Pink and blue painted bedroom with an assortment of second-hand decor items, furniture and plates

These secret tips will help you shop successfully for second-hand homeware

Home » Sarah Sparks » These secret tips will help you shop successfully for second-hand homeware

11 May 2021

Reading Time: 4 minutes

What’s the secret to second-hand shopping? You’ll need patience and dedication, and the ability to spot treasure among the trash, says vintage fan Fiona Ralph.

Even though I rarely buy anything now, I was surprised when I looked around my house while writing this story and realised that every piece of furniture and nearly every plate, cup, ornament and object – and even a few artworks – were second-hand.

I’ve had most of these items for years. Some were purchased on Trade Me, others from op shops and vintage stores. A few things were picked up from the side of the road, and many were inherited from family or friends. While the effect may not be perfectly styled, each piece is unique and meaningful, and I find it’s a more sustainable and affordable way to shop.

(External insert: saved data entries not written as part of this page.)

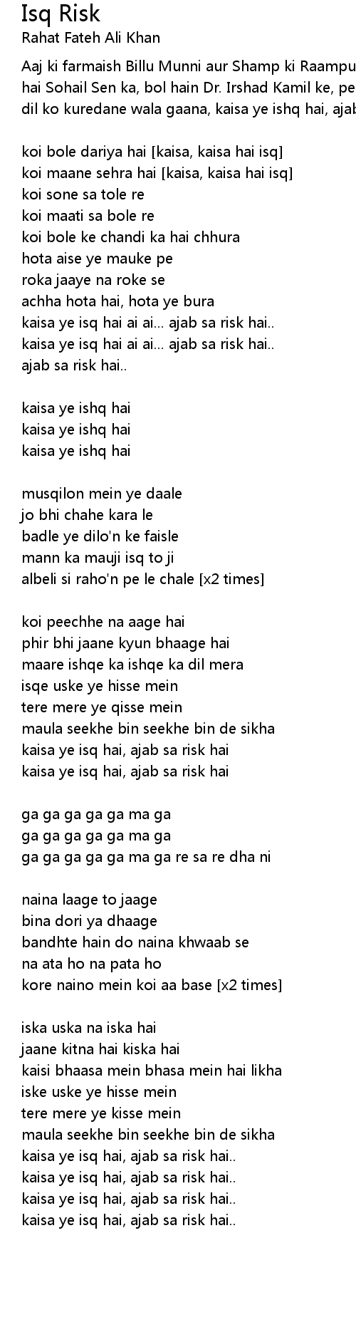 kaisa ye isq hai ai ai... ajab sa risk hai.. |
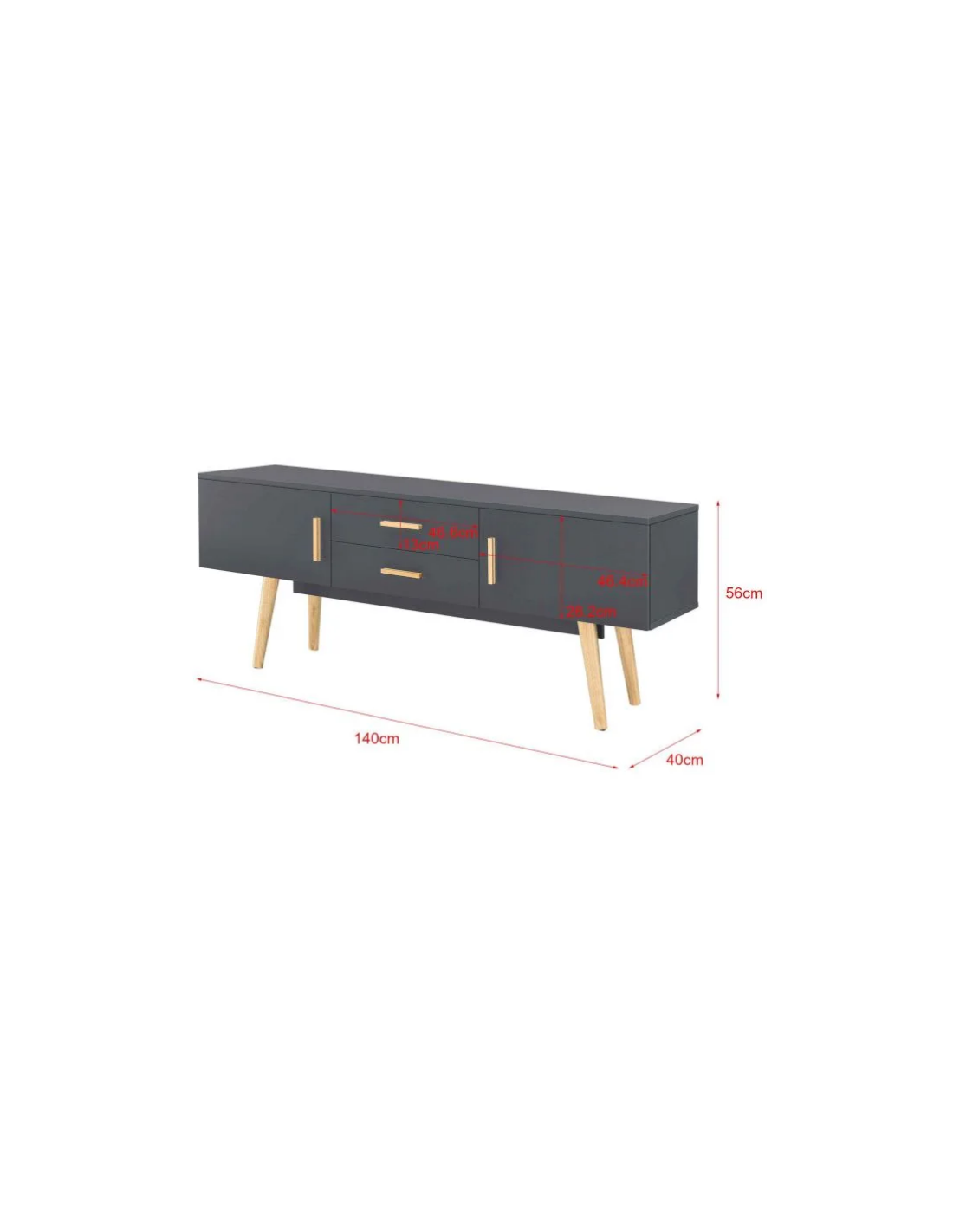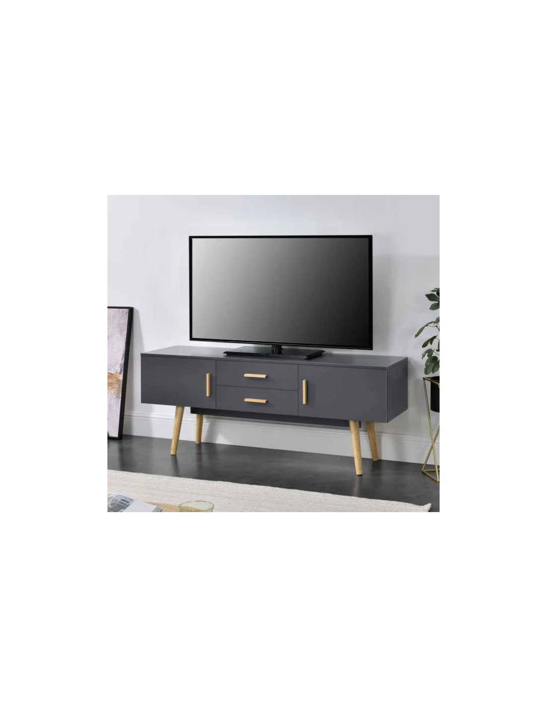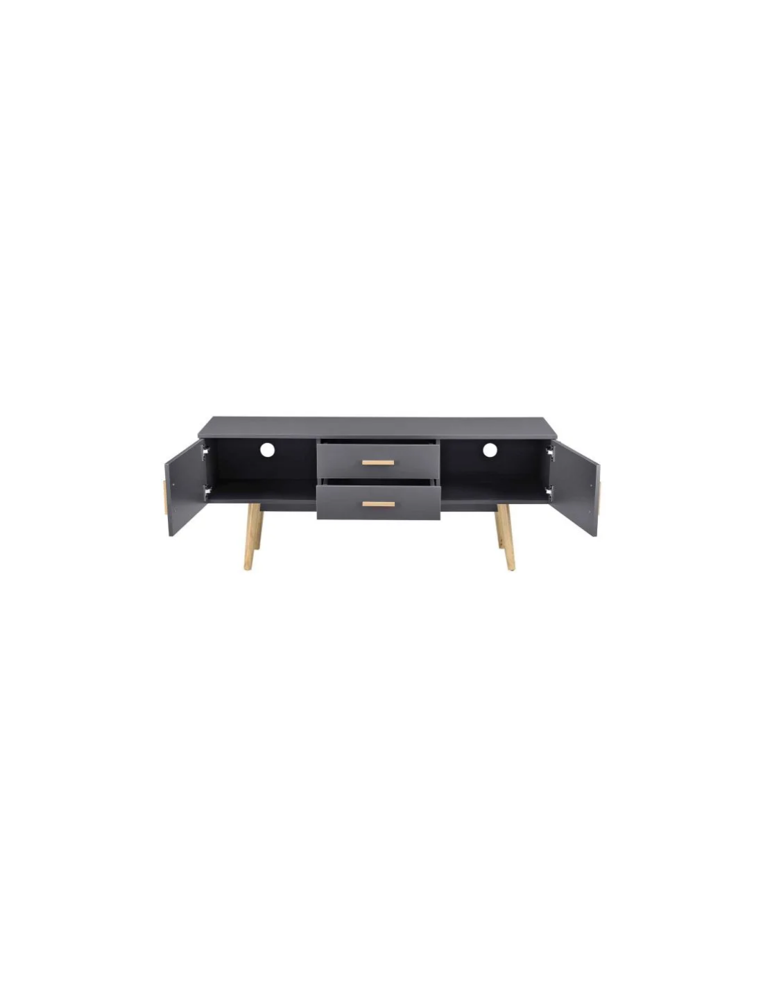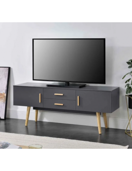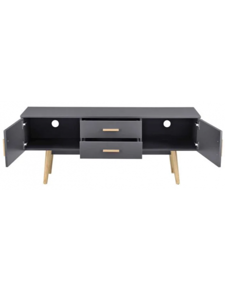 Tvbord i træ og møbelplade H56 x B140 x D40 cm - Mørkegrå/Natur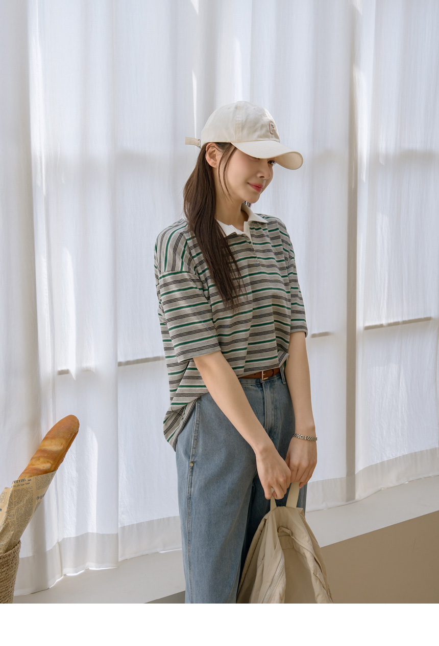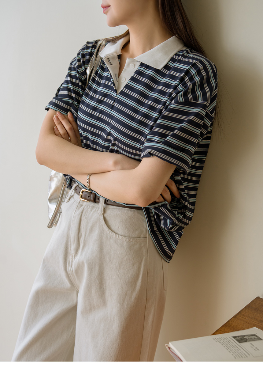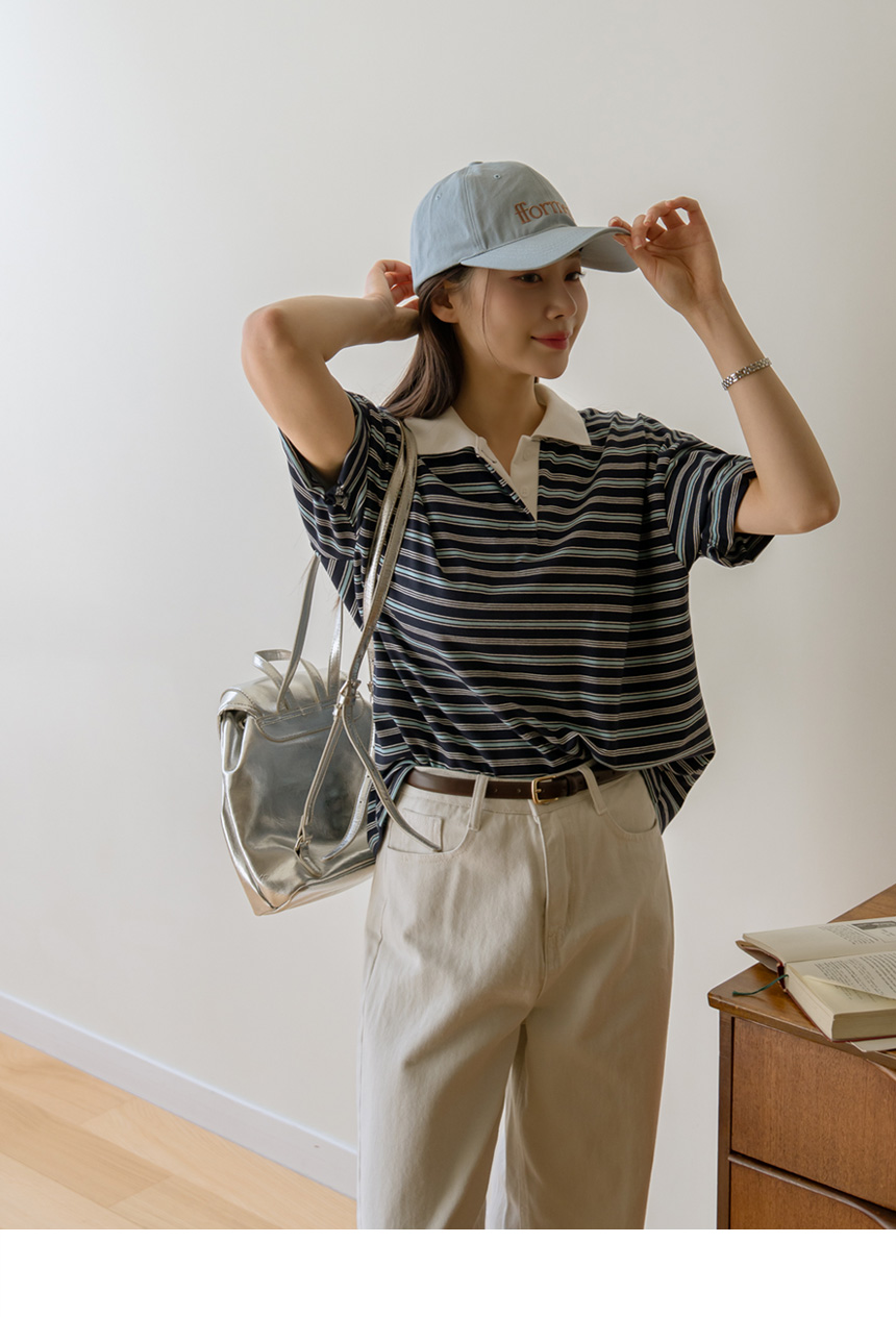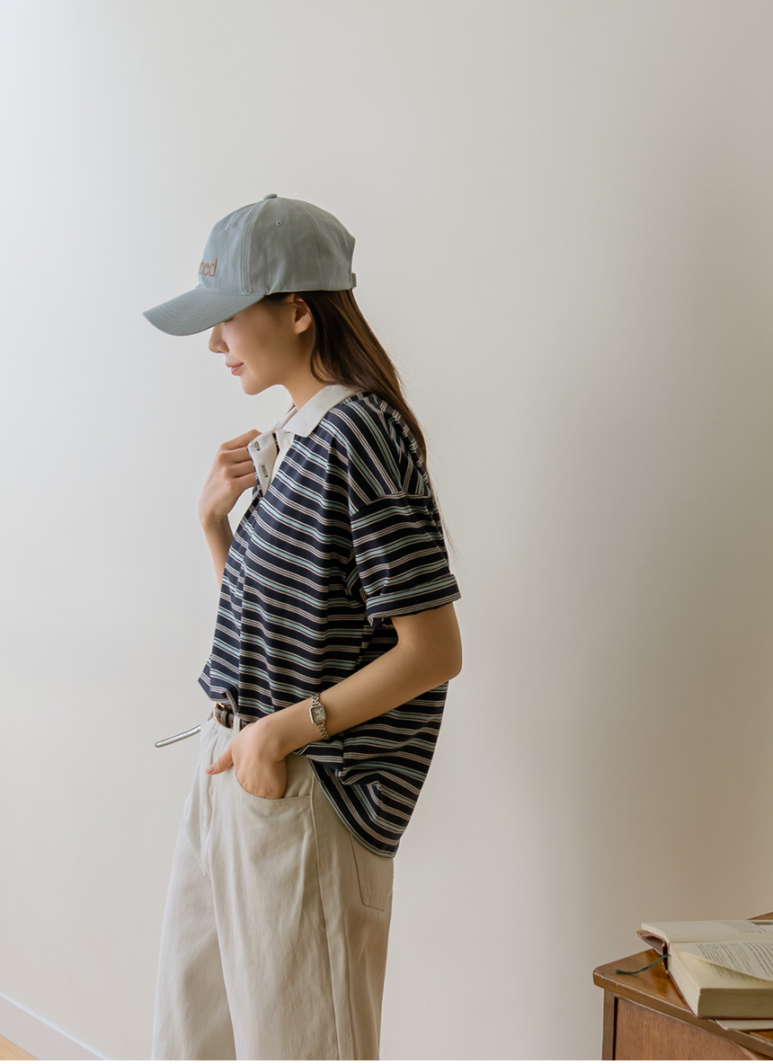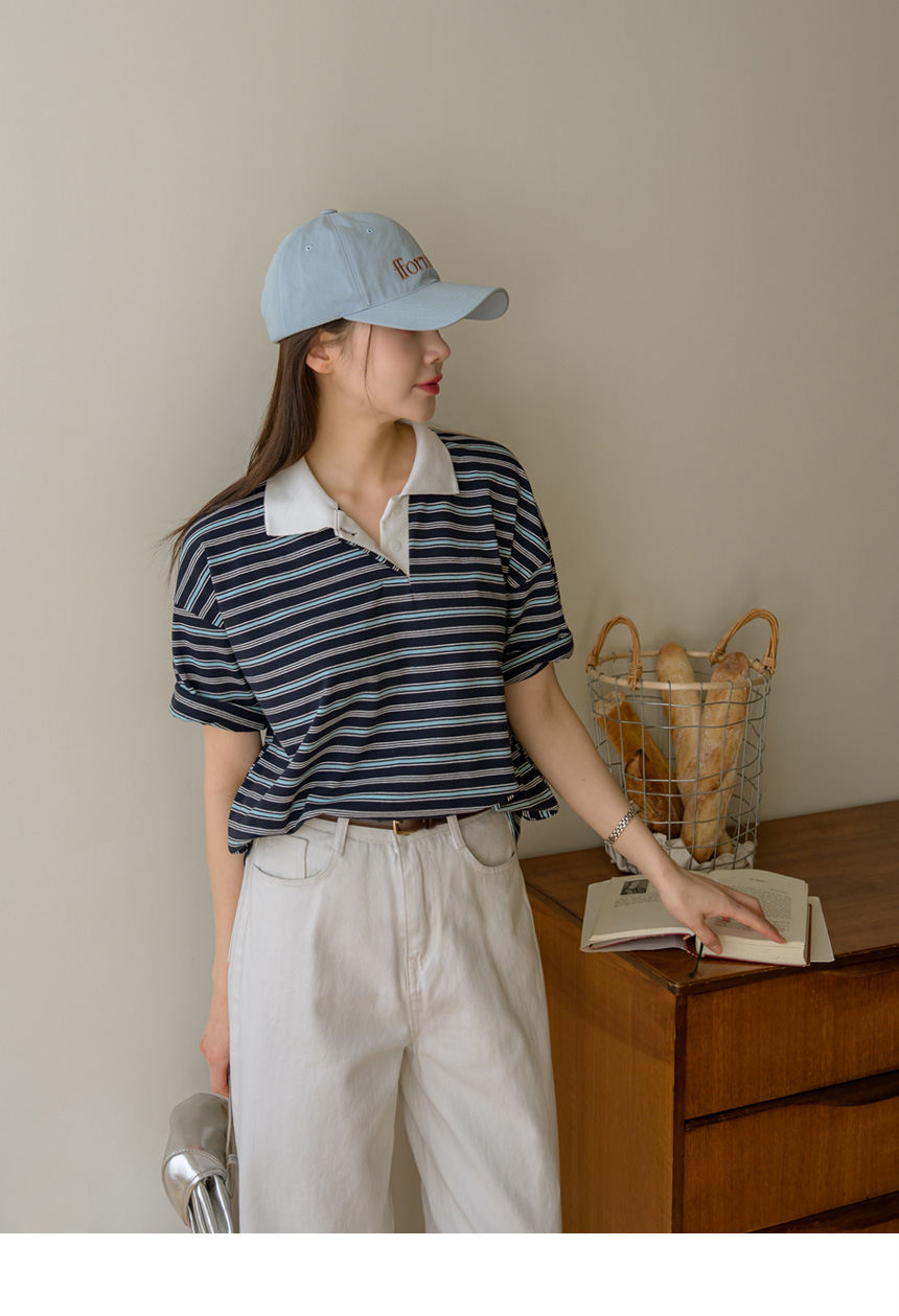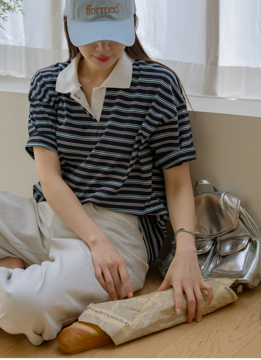 Colored striped collared short-sleeve tee

I also love that my home is full of stories. My bed was purchased from a local woman on Neighbourly, my dressing table came to me after many years in my grandma’s bedroom, my blankets followed me from my childhood home, and my coffee table, a Trade Me purchase, has moved from flat to flat with me. And then there are the many pieces I’ve op-shopped over the years whose stories I can only imagine – colourful cushions and vases, retro Crown Lynn plates, a fabulous gold drinks trolley.

Although there have been many times I’ve bought a second-hand item because I couldn’t afford to buy new, this hasn’t always been the case, and I’m aware there is an inherent privilege in op-shopping for the aesthetic rather than because of necessity. There is ongoing debate around the ethics of people buying items from op shops and reselling them online or at vintage stores for a higher price. The concern is that there won’t be enough left for people who genuinely need lower-priced goods, and that it encourages op shops to raise their prices.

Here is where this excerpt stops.